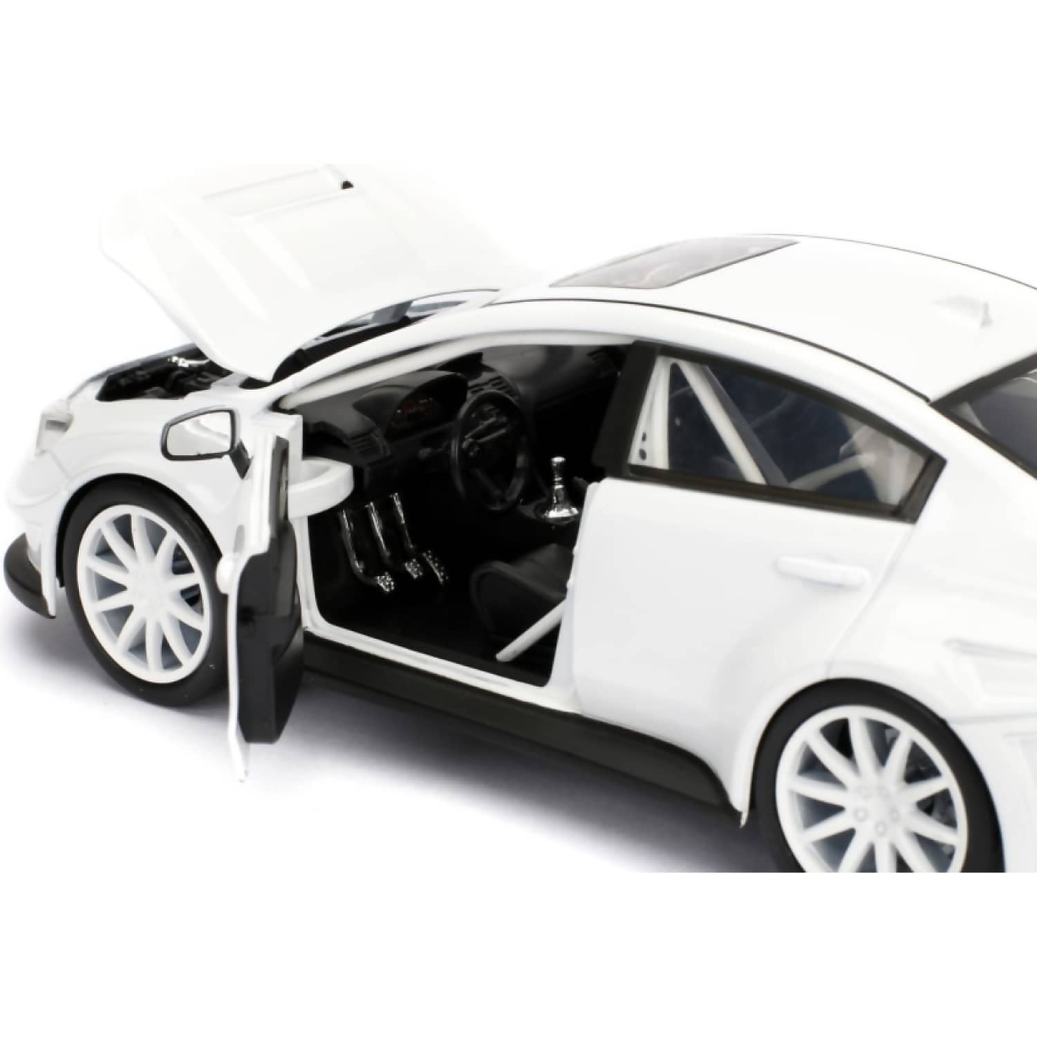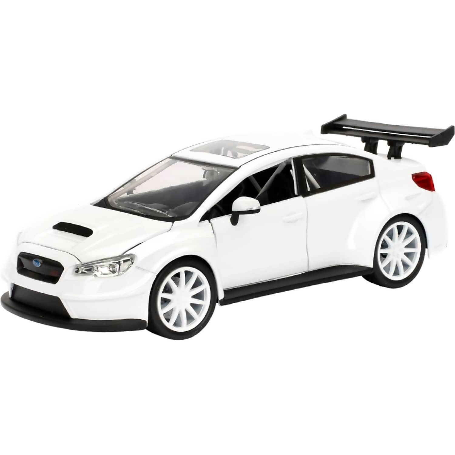 Crafted from durable die-cast metal, the model features opening front doors, bonnet, and boot, revealing a detailed interior and engine bay. Real rubber tyres and a precision-finished body enhance its realism and display appeal. Whether you're recreating scenes or building your Fast & Furious collection, this WRX STI delivers performance and style in miniature form.
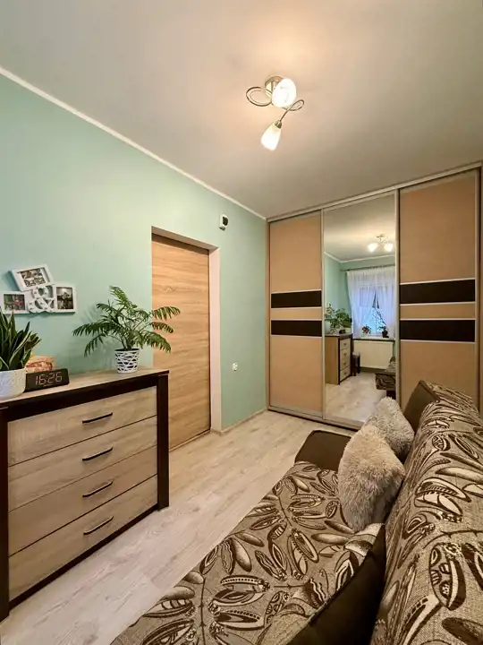 komfortowa sypialnia z dużą szafą w zabudowie,
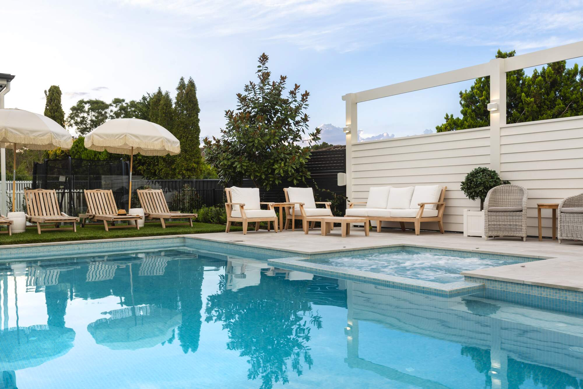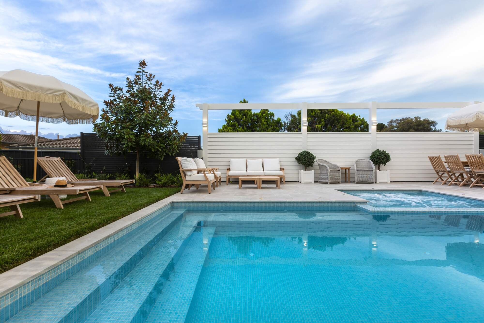 Resort style magnificence, showcasing our team's attention to detail and insistence on excellence. Contemporary design combined with beauty and functionality. A classic, yet modern example of seamless integration between home, garden, outdoor living and entertainment area and the swimming pool & spa.
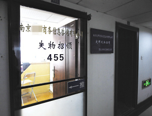 在先鋒廣場(chǎng)一樓大廳的商住公司引導(dǎo)牌上,記者并沒(méi)有找到“失物招領(lǐng)公司”的字樣;后經(jīng)多方聯(lián)系,才找到位于4樓的這家公司。
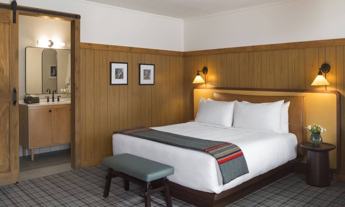 With the perfect balance of adventure and relaxation, our lodge-style retreat is where modern amenities meet the rustic charm of the great outdoors. This spacious room offers the perfect ambiance after a day of adventure! Kick off your boots and enjoy our lively saloon, unwind by the cozy fire pits, or take a refreshing dip in the all-season pool. If you’re hankering for an authentic dining experience, mosey on over to our on-site restaurant for a night of hearty eats, cocktails, and toe-tapping entertainment. Whether it's the stunning landscapes or the vibrant lodge atmosphere, every moment here is unforgettable.
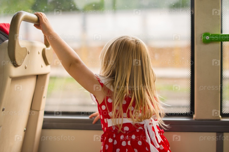 Очаровательная девочка в красивом платье едет в городском автобусе
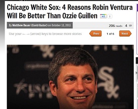 Bleacher Report has 4 Reasons Robin Ventura Will Be Better Than Ozzie and Robin Ventura: 4 Reasons Why He Can Lead The White Sox Back To The Playoffs.
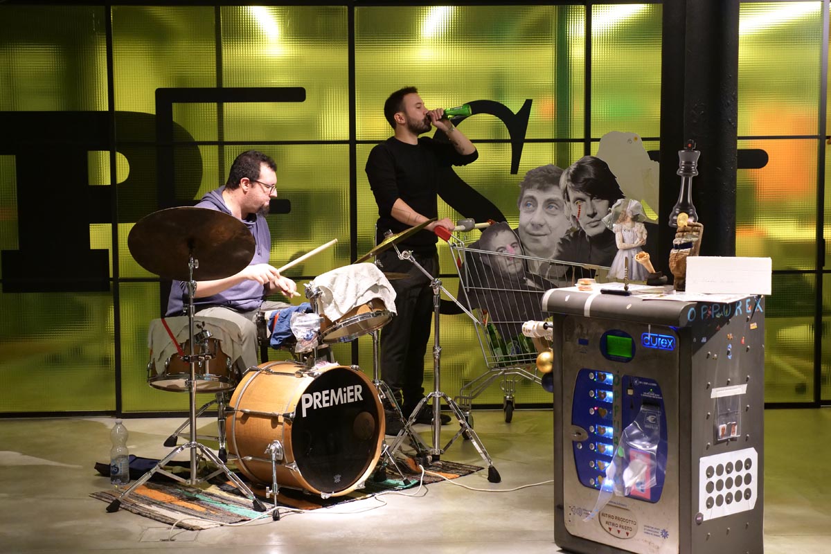 A seguire, la visionaria performance FLASH di Angelo Brezza (drums), Andrea Marinelli (live electronics, synth), Pablo Bermudez (talismani, nuvole, clouds) e Andrea Bennardo (object trouvé, racconti solidi): un folle ensemble di musicisti ed artisti per la prima volta ospite al Lazzaretto.

——————

- To do
Dropping every picture, restate the material word for word.

- Task result
 Crafted from durable die-cast metal, the model features opening front doors, bonnet, and boot, revealing a detailed interior and engine bay. Real rubber tyres and a precision-finished body enhance its realism and display appeal. Whether you're recreating scenes or building your Fast & Furious collection, this WRX STI delivers performance and style in miniature form.
 komfortowa sypialnia z dużą szafą w zabudowie,
 Resort style magnificence, showcasing our team's attention to detail and insistence on excellence. Contemporary design combined with beauty and functionality. A classic, yet modern example of seamless integration between home, garden, outdoor living and entertainment area and the swimming pool & spa.
 在先鋒廣場(chǎng)一樓大廳的商住公司引導(dǎo)牌上,記者并沒(méi)有找到“失物招領(lǐng)公司”的字樣;后經(jīng)多方聯(lián)系,才找到位于4樓的這家公司。
 With the perfect balance of adventure and relaxation, our lodge-style retreat is where modern amenities meet the rustic charm of the great outdoors. This spacious room offers the perfect ambiance after a day of adventure! Kick off your boots and enjoy our lively saloon, unwind by the cozy fire pits, or take a refreshing dip in the all-season pool. If you’re hankering for an authentic dining experience, mosey on over to our on-site restaurant for a night of hearty eats, cocktails, and toe-tapping entertainment. Whether it's the stunning landscapes or the vibrant lodge atmosphere, every moment here is unforgettable.
 Очаровательная девочка в красивом платье едет в городском автобусе
 Bleacher Report has 4 Reasons Robin Ventura Will Be Better Than Ozzie and Robin Ventura: 4 Reasons Why He Can Lead The White Sox Back To The Playoffs.
 A seguire, la visionaria performance FLASH di Angelo Brezza (drums), Andrea Marinelli (live electronics, synth), Pablo Bermudez (talismani, nuvole, clouds) e Andrea Bennardo (object trouvé, racconti solidi): un folle ensemble di musicisti ed artisti per la prima volta ospite al Lazzaretto.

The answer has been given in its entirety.